Entomopathogenic nematodes (EPNs) are widely distributed in soils across all continents except Antarctica. Assessing the EPN community structure in an ecoregion can help reveal their biological control potential against important crop pests. Common methods for detecting EPNs in soil samples include baiting with sentinel insects, direct observation of extracted nematodes, or use of species-specific primer-probe combinations using qPCR. Less well studied is the use of high throughput sequencing (HTS), which has tremendous potential to characterize soil communities of EPNs and natural enemies of EPNs. Here, for the first time, we compared qPCR and HTS to characterize EPN food webs. The frequency and abundance of 10 EPN species and 13 organisms associated with EPNs from 50 orchard and natural area sites in two ecoregions of Portugal were evaluated using qPCR tools, and results were published in 2019. We applied an HTS approach to analyze frozen DNA samples from 36 sites in that study. Universal primers targeting ITS1 were used for nematode detection. All EPN species detected by qPCR were also detected by HTS. The EPN species and nearly all free-living nematodes detected by both processes were highly correlated (P < 0.01). Steinernema feltiae, the dominant EPN species, was detected by HTS in 55% more sites than by qPCR. HTS also detected more EPN species than did qPCR. Sample accuracy, measured by the fit of Taylor's Power Law to data from each method, was significantly better using HTS (r² = 0.95, P < 0.01) than qPCR (r² = 0.76, P < 0.01). The effect of biotic and abiotic variables on individual EPN species did not differ according to ANOVA and multiple regression analyses of both data sets while the drivers of EPN community structure did not differ when analyzing either data set with CCA. Our results combined with decreasing costs of metabarcoding, suggest that HTS may provide the most cost-effective and accurate means of assessing soil food webs of methods currently available.

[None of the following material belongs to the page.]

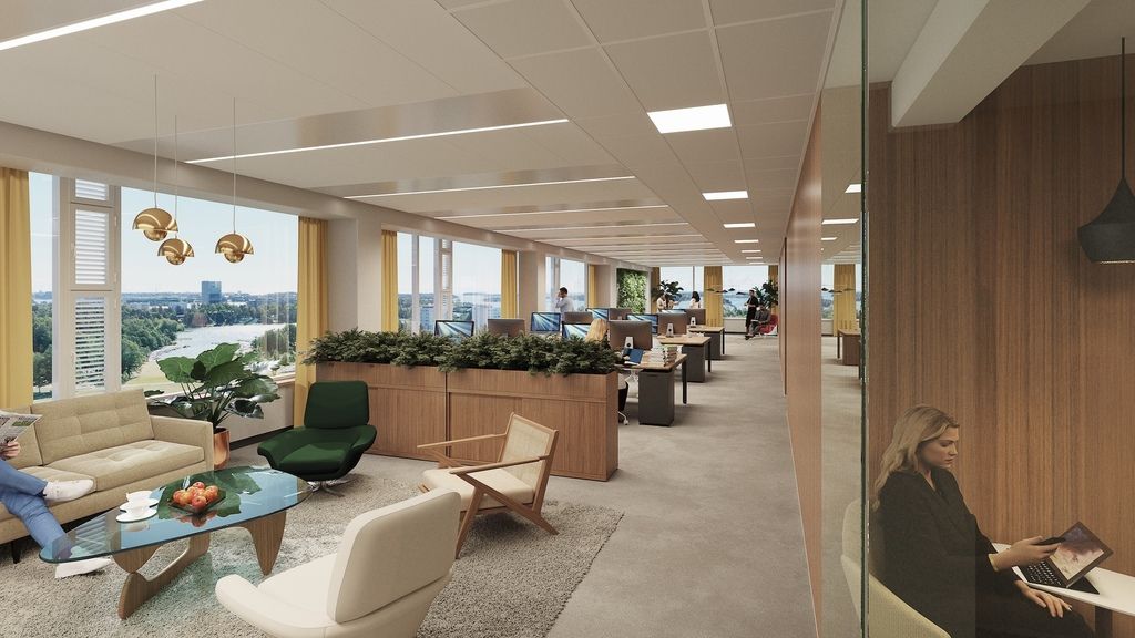Modernia toimisto- ja liiketilaa uudistuvassa Tapiolan keskustornissa.

昆虫致病线虫（EPN）广泛分布在除南极洲以外的所有大陆的土壤中。评估一个生态区域中的EPN群落结构可以帮助揭示其对重要农作物害虫的生物防治潜力。检测土壤样品中EPN的常用方法包括用定点昆虫诱饵，直接观察提取的线虫或通过qPCR使用物种特异性引物-探针组合。对高通量测序（HTS）的使用研究较少，这在表征EPNs的土壤群落和EPNs的天敌方面具有巨大潜力。在这里，我们第一次比较了qPCR和HTS来表征EPN食物网。使用qPCR工具评估了来自葡萄牙两个生态区的50个果园和自然区站点的10个EPN种类和13个与EPN相关的生物的频率和丰度，并于2019年发表了结果。我们采用HTS方法分析了来自冰冻DNA的冷冻DNA样品该研究中有36个站点。靶向ITS1的通用引物用于线虫检测。通过qPCR检测到的所有EPN种类也通过HTS检测。这两个过程检测到的EPN种类和几乎所有的自由生存线虫都高度相关（P  <0.01）。用HTS检测到，最主要的EPN物种为Steinernema feeliae，比qPCR检测的多55％。与qPCR相比，HTS还检测到更多的EPN种类。使用HTS（r ²  = 0.95，P  <0.01）通过泰勒幂定律对每种方法的数据进行拟合所测量的样品准确度明显优于qPCR（r ²  = 0.76，P <0.01）。根据ANOVA和两个数据集的多元回归分析，生物变量和非生物变量对单个EPN物种的影响没有差异，而使用CCA分析任一数据集时，EPN群落结构的驱动因素也没有差异。我们的结果与降低元条形码的成本相结合，表明HTS可能提供评估当前可用方法的土壤食物网的最具成本效益和最准确的方法。